What you say may be true (in languages with top-to-bottom writing modes),
but I'm not sure how this informs on the proposal. Side-sticky would be
just as easy with this proposal as top-sticky.

> 
>> Mikko's proposal is very close to what we have in mind: a new value for
>> the 'position' property, similar to relpos, but with a new method of
>> calculating the element's offset.
>> 
>> You'd use it like this:
>> 
>> h1 {
>> position: sticky;
>> top: 10px;
>> }
> 
> If you consider the case of a toolbar that initially is at the top of a
> page and then sticks there as the user scrolls down, it seems erroneous
> to me that the scroll bar would extend past the toolbar. I would expect
> 
>  [button] [button] [button] [button] 
>  +--------- Content Area ----------+ ^
>   ...                                |
>   ...                                |
>   ...                                |
>  +---------------------------------+ v
> 
> while currently you would get (the scrollbar extends into the toolbar)
> 
>  [button] [button] [button] [button] ^
>  +--------- Content Area ----------+ |
>   ...                                |
>   ...                                |
>   ...                                |
>  +---------------------------------+ v
> 
> This is one reason why page-up and page-down scrolling is broken by such
> "sticky" elements, the browser is unaware of the toolbar occluding the
> content in a bad way, so it keeps using the height of toolbar+content to
> determine how much a page should be scrolled using the keys. Elements on
> the side, in contrast, do not cause such problems. Your proposal doesn't
> seem to address this.

Authors could achieve your first layout by either using <iframe> (ick),
or by bypassing main page scrolling altogether, and putting the content area
into an overflow:scroll element.

I think it's too much to ask the UA to automatically adjust where to
display main-page scrollbars based on fixed or sticky elements in the
content, and this problem is not new. I don't think we need to solve
this problem before we specify sticky position.

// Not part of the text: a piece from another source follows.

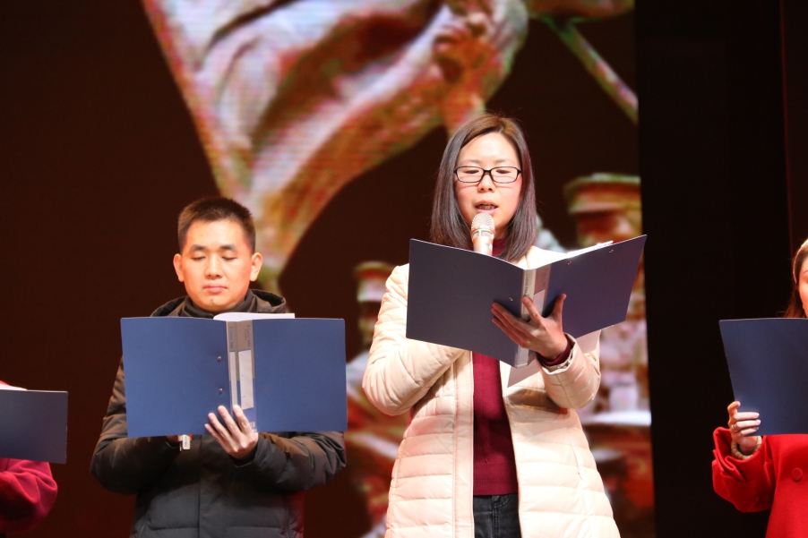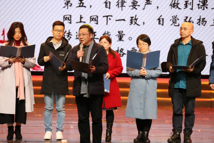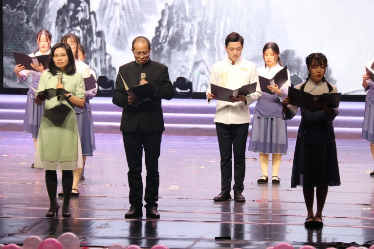 除学生表演外,老师也展现出不同于课堂上的一面。朗读《国学诵读》中,李长泰老师、魏冰娥老师与学生一起,站上舞台,以小我之姿,传诵经典,弘扬中华优秀传统文化;中特全体老师朗读《旗帜》,气势磅礴浑厚,更是表达了马院全体师生对祖国的颗颗赤诚之心。
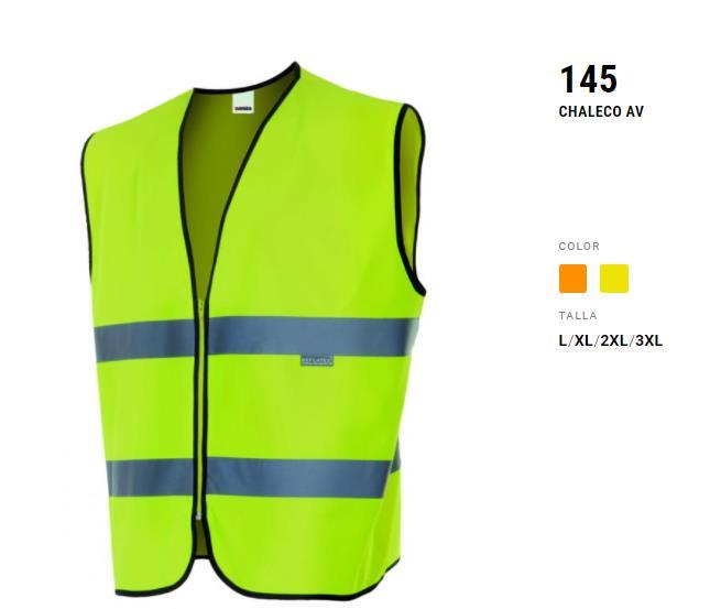 Chaleco de alta visibilidad con cintas reflectantes en el torso y cremallera central.

> I also note that real-world uses tend to be a bit more complex, cnet.com
> for instance hides the bottom toolbar once you scroll past the content
> area (or rather, it places it at the end of the content area above the
> footer).

I don't see that (Safari/Mac). I do see that the "Top Categories" section
is an ideal candidate for position:sticky, but the header and footer just
scroll with the page for me.

> As far as I can tell, your proposal does not account for that,
> and it is unclear to me that this is relatively uncommon.

If you find a page doing a common sticky-like behavior, where position:sticky
would not work, then we'd be interested to see it.